*Try it*:
What must be handed in is the entire listing, exactly as written, with no pictures.

*Data block*:
|---|

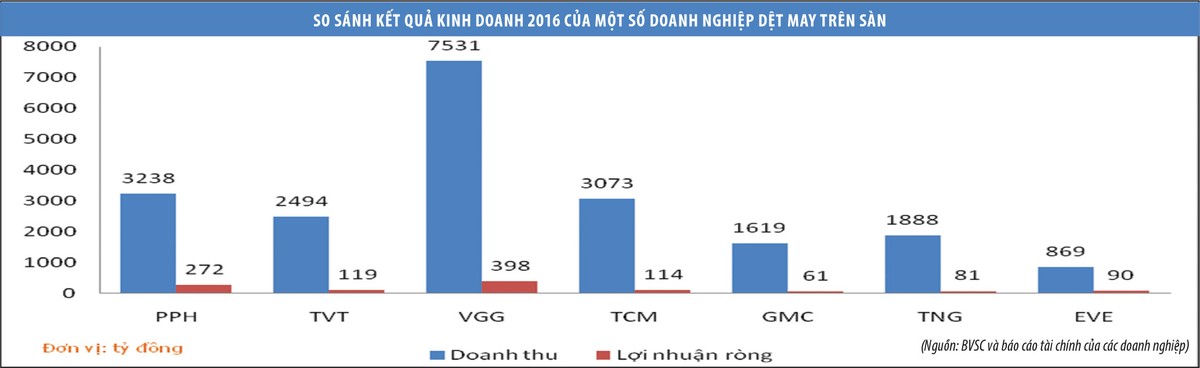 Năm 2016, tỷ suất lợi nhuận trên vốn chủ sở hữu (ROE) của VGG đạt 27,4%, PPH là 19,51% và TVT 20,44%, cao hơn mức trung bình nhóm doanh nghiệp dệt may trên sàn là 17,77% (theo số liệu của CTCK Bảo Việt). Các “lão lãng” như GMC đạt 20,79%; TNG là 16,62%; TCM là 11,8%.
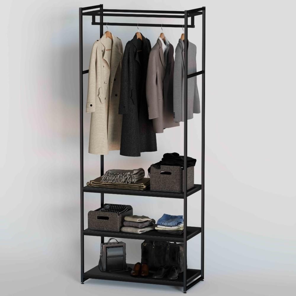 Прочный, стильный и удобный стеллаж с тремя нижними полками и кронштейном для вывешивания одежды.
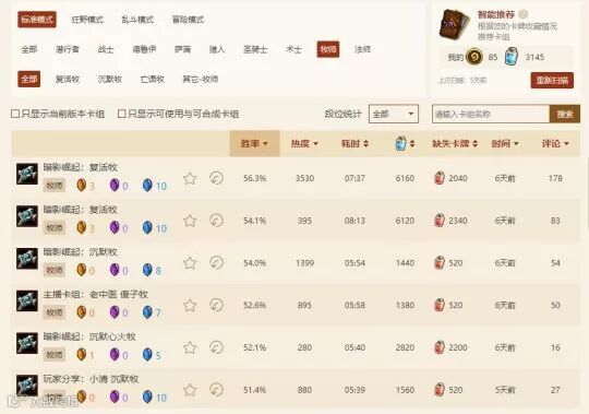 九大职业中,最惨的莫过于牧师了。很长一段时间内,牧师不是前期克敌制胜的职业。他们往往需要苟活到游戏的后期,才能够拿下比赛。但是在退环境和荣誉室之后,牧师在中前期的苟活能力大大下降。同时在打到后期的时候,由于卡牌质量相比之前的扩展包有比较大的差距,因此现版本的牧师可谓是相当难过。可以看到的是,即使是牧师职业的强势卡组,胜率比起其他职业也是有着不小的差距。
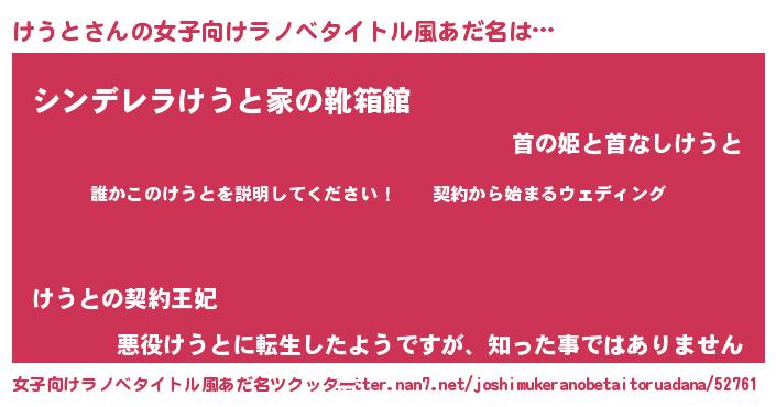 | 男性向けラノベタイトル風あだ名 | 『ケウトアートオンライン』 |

|---|

*Reply to the exercise*:
 Năm 2016, tỷ suất lợi nhuận trên vốn chủ sở hữu (ROE) của VGG đạt 27,4%, PPH là 19,51% và TVT 20,44%, cao hơn mức trung bình nhóm doanh nghiệp dệt may trên sàn là 17,77% (theo số liệu của CTCK Bảo Việt). Các “lão lãng” như GMC đạt 20,79%; TNG là 16,62%; TCM là 11,8%.
 Прочный, стильный и удобный стеллаж с тремя нижними полками и кронштейном для вывешивания одежды.
 九大职业中,最惨的莫过于牧师了。很长一段时间内,牧师不是前期克敌制胜的职业。他们往往需要苟活到游戏的后期,才能够拿下比赛。但是在退环境和荣誉室之后,牧师在中前期的苟活能力大大下降。同时在打到后期的时候,由于卡牌质量相比之前的扩展包有比较大的差距,因此现版本的牧师可谓是相当难过。可以看到的是,即使是牧师职业的强势卡组,胜率比起其他职业也是有着不小的差距。
 | 男性向けラノベタイトル風あだ名 | 『ケウトアートオンライン』 |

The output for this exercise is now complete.